Pandemi sürecinde hepimiz çok yorulduk, yıprandık. Pandeminin getirdiği bir çok sorunlar hala mücadele ediyoruz. Öyle çabuk atlatılacak mevzularda değil. Hepimiz evet çok yorulduk ama en çok bu süreçte sağlık çalışanları yoruldu. Canlarını hiçe sayarak şifa dağıttılar. Hastanede çalıştıkları için toplum içinde en çok kaçılan kişiler oldular. Geceleri gündüz oldu, gündüzleri gece. Sevdiklerine hasret kaldılar. Birçoğu bu süreçte evine gitmedi, sevdiklerini hasta etme korkusunu en üst seviyede taşıdı. Çok yoruldu çok yıprandılar. Hastanede çalışan herkese çok şey borçluyuz. Allah onları başımızdan eksik etmesin. Onların yaptığı iş kesinlikle meslekten çok daha ötesi. Başımızın tacı derler ya tam da öyleler. Onlara karşı yapılan en ufak hakaret, şiddeti hiç birimiz kabul etmemeliyiz. Sağlık çalışanları sadece çalışan değildir çünkü. Hayatımızın en önemli noktasında yer alan kişilerdir.
Tabi ki yukarıda yazığım her şey mesleğini hakkıyla yapan, seven, hak eden sağlık çalışanlarımız için geçerli. Yoksa ki bazılarının yukarıda belirttiğim özelliklerden çok çok uzak olduğunu görüyor ve yaşıyoruz. Geçtiğimiz günlerde bir kaza geçirdiğimi söylemiştim. İsmini vermeyeceğim özel bir hastaneye tedavi için başvurdum. Yürüyemediğim için tekerlekli sandalyede bekledim. Sıram geldi ancak beni götürecek birini bulmak çok zor oldu. Hasta bakıcı gözümün içine bakıyor baka baka görmezden geliyor. Ve refakatçimin neden olmadığını soruyor. Aynı zamanda çocuğum hasta olduğu için eşimin onunla ilgilendiğini yanımda kimsenin olmadığını söylememe rağmen beni yanımdan öylesine geçen tanımadığım bir şahsa vermeye çalışıyor. Tekerlekli sandalyemi itmek istemiyor çünkü. Ve beni tanımayan şahsa “Babası kızınızı itin” diyor. Dönüp nereden babam olduğu kanısına vardığını soruyorum. Cevap yok…
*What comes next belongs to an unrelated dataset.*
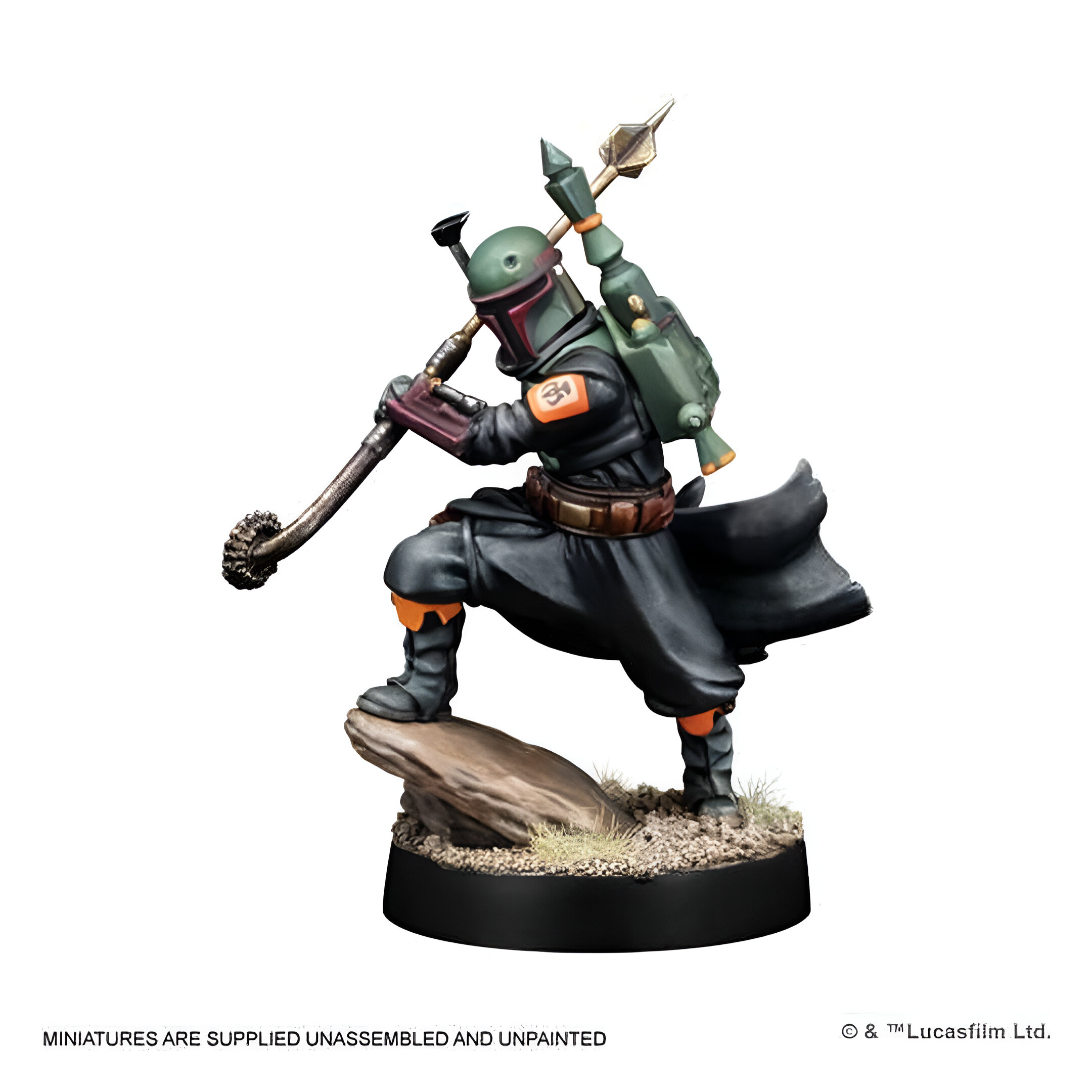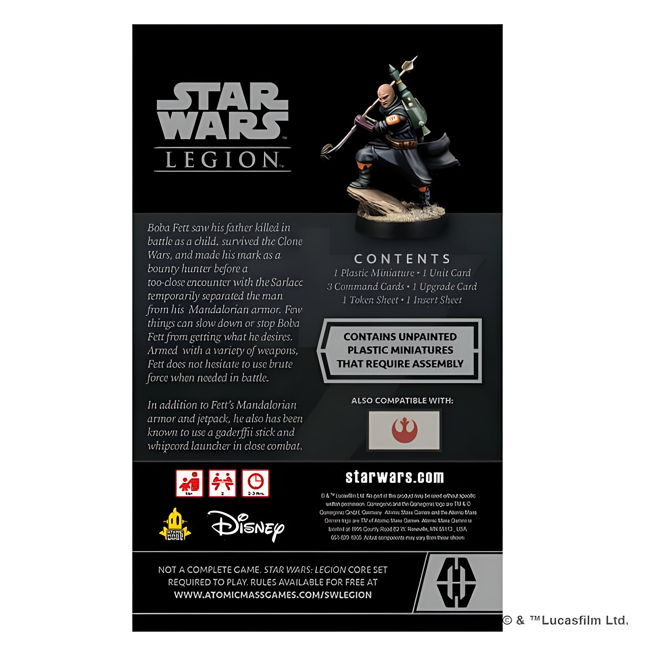 The infamous Boba Fett returns to Star Wars: Legion in this new Operative Expansion! Featuring a new version of this iconic character based on his appearance in The Mandalorian and The Book of Boba Fett, this expansion gives players powerful new Operative that can fight alongside their mercenary and Rebel forces. The beautifully sculpted Boba Fett miniature found in this expansion menaces his foes with his gaderffii stick and can be assembled with our without his Mandalorian helmet. Additionally, players will find three command cards that make Boba Fett even more versatile in combat. Finally, an upgrade card allows players to invite Boba Fett with his Flame Projector for even more firepower.

Soruyorum hastaneye kadar gelmiş bir insanın illaki yanında bir refakatçi olması şart mı? Belki yalnız yaşıyorum, belki kimsem yok. Neden bu muamele? Yardımcı olmak neden bu kadar zor. Ki insanlar canıyla uğraştığı bir anda böyle bir muameleye neden maruz kalıyor? Sonrası bana bakan hekim… Sağ olsun baktı. Sonucu bekliyorum, dediği tek şey “Kırık, alçıya alınsın”! İnanın bana soru soramıyorsunuz, asık bir surat, sanırsınız ona ne yapmışsınız, ağzından kelimler döve döve çıkıyor ki zaten o an canınız yanıyor kimseyle uğraşacak haliniz yok. En çok şefkate ihtiyaç duyduğunuz dakikalar…
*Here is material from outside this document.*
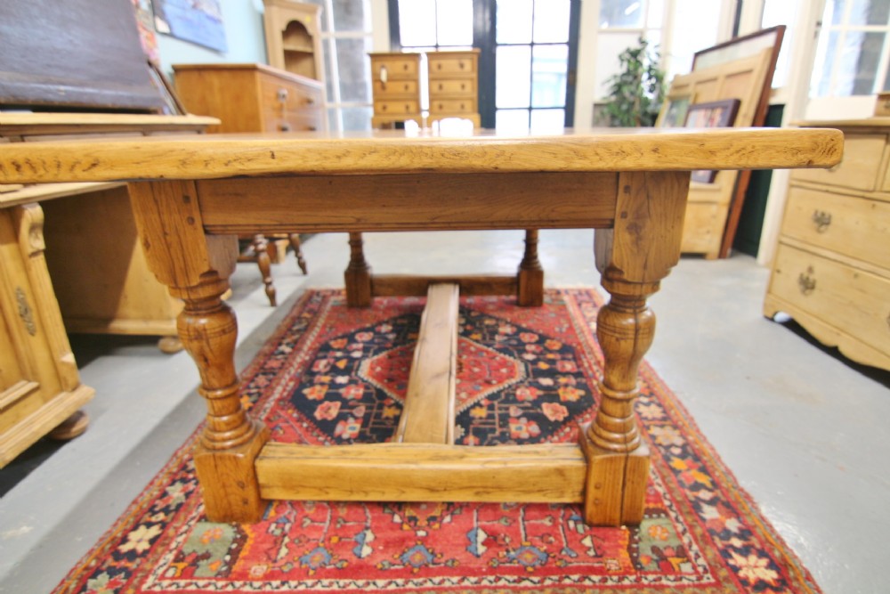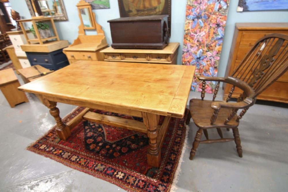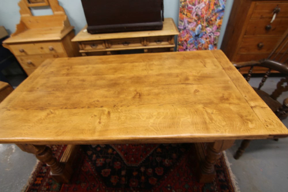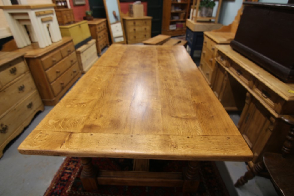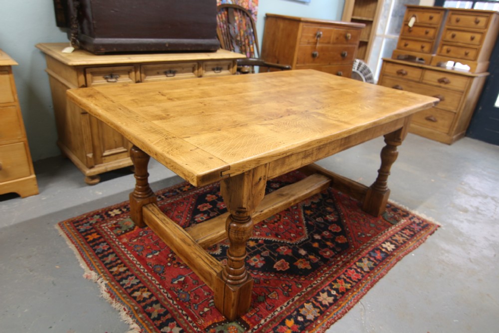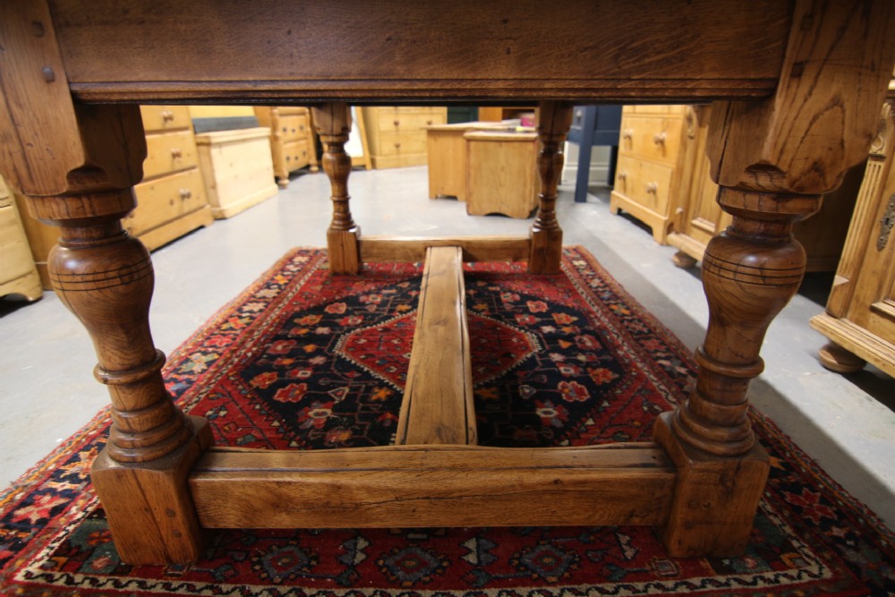 A GOOD QUALITY GEORGIAN STYLE SOLID OAK REFECTORY TABLE EARLY 20TH CENTURY; IN RESTORED AND CLEANED CONDITION STRUCTURALLY SOUND NO WORM. SOLID POLISHED OAK TOP WITH CLEATED ENDS.THE TOP DROPS INTO THE FRAME WITH FIGURED TURNED OAK LEG & WEATHERED FOOTREST SUPPORT. GENERAL USAGE WEAR AS PER PHOTOS PROVIDING CHARACTER, POLISHED USING NATURAL OIL FOR HEAT & DURABILITY AND IN RESTORED CONDITION.OLD TIMBER SHAKE TO LEGS STRUCTURALLY SOUND ,MORE A CHARACTER FEATURE. BOUGHT PRIVATELY

Neyse alçıya alındı ayağım, son kez doktora görünüp çıkacağız. Ne yapmamız gerektiğini söyleyecek. Odasına gidiyoruz. Ağrım var diyorum, ilaç yazacak mısınız diye ben soruyorum. Kendisi bir şey söylemiyor. Hali tavrı çok garip. Bir şey sorunca da ses tonunu yükseğe çekip konuşuyor. Peki neden sesiniz bu kadar yükseliyor her gün ayağımızı kırmıyoruz ne yapacağımı soruyorum diyorum. Yoğun olduğunu çok hasta baktığını söylüyor. Ki bunu söylerken de nezaketten uzak, karşısındaki insanı görmeden söylüyor. Söylemediği şeyleri 3 kez söyledim ya diye ekliyor. Ki hafızam iyidir! Kendisiyle münakaşaya girmek istemiyorum. Üzerinde giydiği kıyafete saygı duyup teşekkürler bir şey istemiyorum sizden deyip çıkıyorum…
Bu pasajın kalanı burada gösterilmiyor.